* Task instructions: Restate each entry below exactly; pictures stay out of the copy.

* Data extracted from a collection:
----

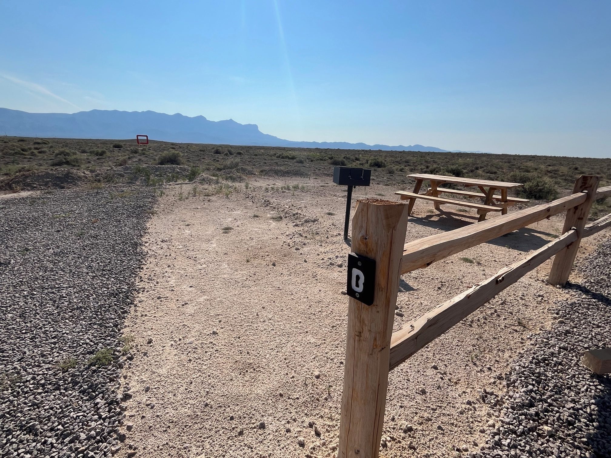 Campsite B has a direct view of the Guadalupe mountain range is located about 60 feet from the porta-potty and trash site making it a convenient site for campers. The parking pad is large enough for most Class B RVs and campers. There are no hook-ups at the site. The site does have a charcoal grill (bring your own charcoal and fluid) and picnic table. It is located about 1/10th of a mile from the lodge which hosts the camp shower and Wifi. Please note that we are located in a remote desert wilderness area on the western side of the park.
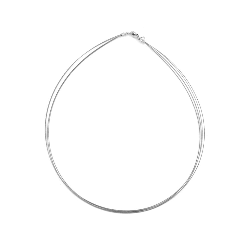 A popular accessory for jewelry pendants – plastic-coated, four-strand stainless steel wire with a silver-colored lobster clasp. The 40cm short steel wire chain is visually striking for high-quality fashion jewelry pendants. Pendants/beads must have a slightly larger eyelet or hole so they can be pulled over the end of the wire chain. The soft and supple wire sits comfortably around the neck and should be carefully removed at bedtime and during storage to avoid kinks.
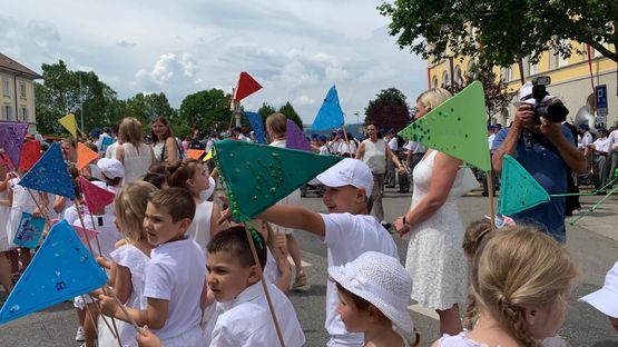 Die Fahnenübergabe vor dem Primarschulhaus
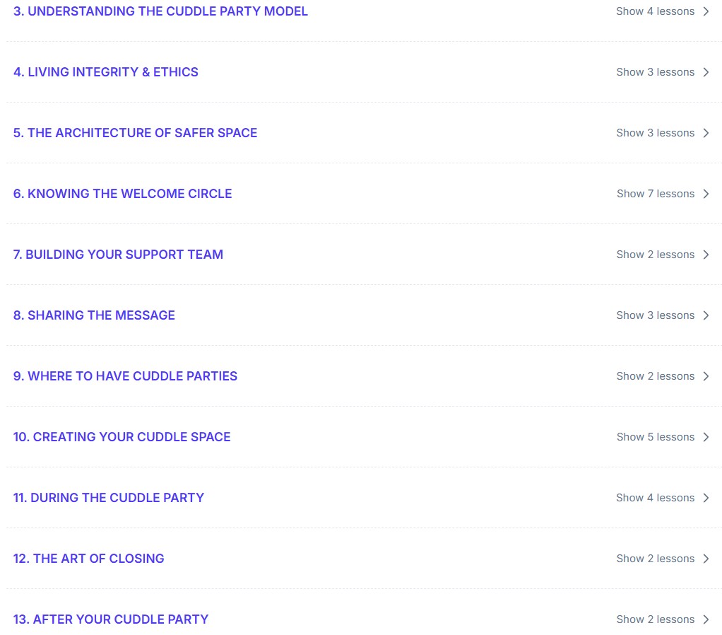 To become a certified Cuddle Party facilitator, you get the benefit of these revised classes with new case study examples from current facilitators and discussion question exercises. We also offer a more interactive Welcome Circle script to enhance the group experience for your participants.
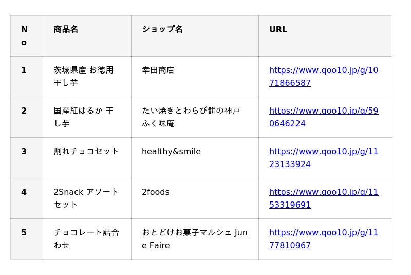 インターネット総合ショッピングモール「Qoo10」を運営するeBay Japan合同会社(本社:東京都港区、代表取締役:グ ジャヒョン)は、「スイーツ・お菓子」の販売数TOP5*を発表いたします。
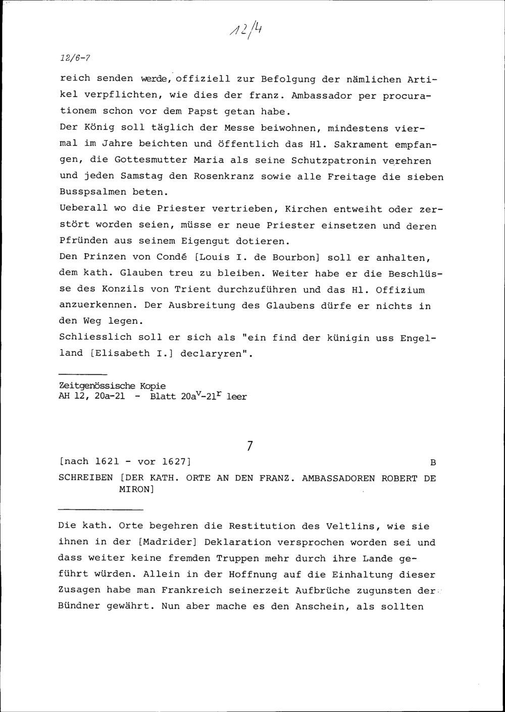 Bedingungen, die Clemens VIII., Papst, an einen Übertritt von Heinrich IV., König von Frankreich, zum katholischen Glauben knüpft

----

* Written reply:
 Campsite B has a direct view of the Guadalupe mountain range is located about 60 feet from the porta-potty and trash site making it a convenient site for campers. The parking pad is large enough for most Class B RVs and campers. There are no hook-ups at the site. The site does have a charcoal grill (bring your own charcoal and fluid) and picnic table. It is located about 1/10th of a mile from the lodge which hosts the camp shower and Wifi. Please note that we are located in a remote desert wilderness area on the western side of the park.
 A popular accessory for jewelry pendants – plastic-coated, four-strand stainless steel wire with a silver-colored lobster clasp. The 40cm short steel wire chain is visually striking for high-quality fashion jewelry pendants. Pendants/beads must have a slightly larger eyelet or hole so they can be pulled over the end of the wire chain. The soft and supple wire sits comfortably around the neck and should be carefully removed at bedtime and during storage to avoid kinks.
 Die Fahnenübergabe vor dem Primarschulhaus
 To become a certified Cuddle Party facilitator, you get the benefit of these revised classes with new case study examples from current facilitators and discussion question exercises. We also offer a more interactive Welcome Circle script to enhance the group experience for your participants.
 インターネット総合ショッピングモール「Qoo10」を運営するeBay Japan合同会社(本社:東京都港区、代表取締役:グ ジャヒョン)は、「スイーツ・お菓子」の販売数TOP5*を発表いたします。
 Bedingungen, die Clemens VIII., Papst, an einen Übertritt von Heinrich IV., König von Frankreich, zum katholischen Glauben knüpft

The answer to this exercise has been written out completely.